Pollard v. United States, 352 U.S. 354 (1957)

Pollard v. United States

No. 38

Argued December 3, 1956

Decided February 25, 1957

352 U.S. 354

Syllabus

After petitioner had pleaded guilty to a federal offense and had left the courtroom, the District Court entered judgment suspending sentence and placed petitioner on probation for three years. Nearly two years later, in 1954, upon petitioner's arrest for violation of probation, the District Court entered a formal judgment and commitment sentencing petitioner to 2 years' imprisonment and setting aside the earlier judgment and order. Petitioner's motion under 28 U.S.C. § 2255 to vacate this sentence was denied by the District Court; the Court of Appeals denied leave to appeal, and this Court granted certiorari.

Held:

1. Although petitioner was released from federal prison after this Court granted his petition for certiorari, the possibility of consequences collateral to the imposition of sentence is sufficiently substantial to justify decision of this case on the merits.
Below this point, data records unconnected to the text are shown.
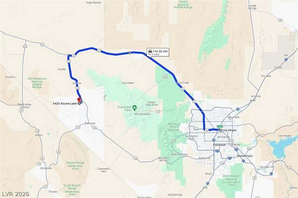 NW on Pahrump Valley highway (160), Left on N Leslie St, Right on N Mountain View, Left on Alsina Ln, Left on Alcove Ln, Parcel on Right.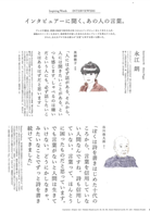 首先訪問27位來自各行各業的名人,請他們分享刻在自己心底的那句話。4位經驗豐富的訪談者也談到令他們印象深刻的話語,接著分析人氣藝人的談話技巧,重溫明星名人的畢業演講,也要從和田誠的繪畫文字、韓流文化、人氣歌詞、隨筆創作…等角度,來了解文字簡單而深刻的動人魅力。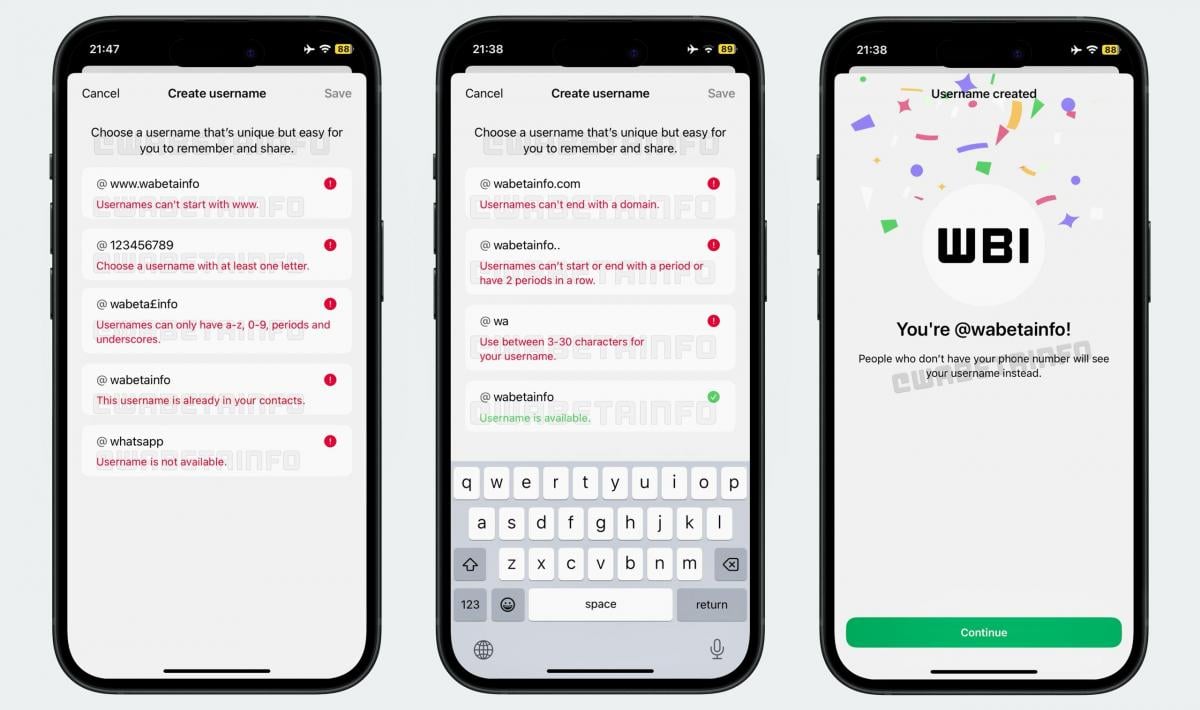 Согласно предварительной информации, юзернеймы должны включать как минимум одну букву, при этом необходимо указывать от 3 до 30 символов. После выбора допустимого никнейма WhatsApp подтвердит его с помощью анимации. С этого момента никнейм будет отображаться в разговорах и групповых чатах.

P. 352 U. S. 358.

2. The Court deems it proper to consider questions as to the legality of the 1954 sentence, raised by petitioner in his brief, although, had petitioner been represented by counsel in the courts below and upon his petition for certiorari, those questions might well have been deemed neither preserved below nor raised in the petition. P. 352 U. S. 359.

3. The 1954 sentence did not violate the Double Jeopardy Clause of the Fifth Amendment. Pp. 352 U. S. 359-361.

4. The 1954 sentence did not violate petitioner's right under the Sixth Amendment to a speedy trial, nor the provision of Rule 32(a) of the Federal Rules of Criminal Procedure requiring imposition of sentence "without unreasonable delay." Pp. 352 U. S. 361-362.

5. Petitioner's other contentions, that in sentencing him in 1954, the trial judge disregarded the standards prescribed for such a proceeding, are not properly before the Court and are unsupported by the record. Pp. 352 U. S. 362-363.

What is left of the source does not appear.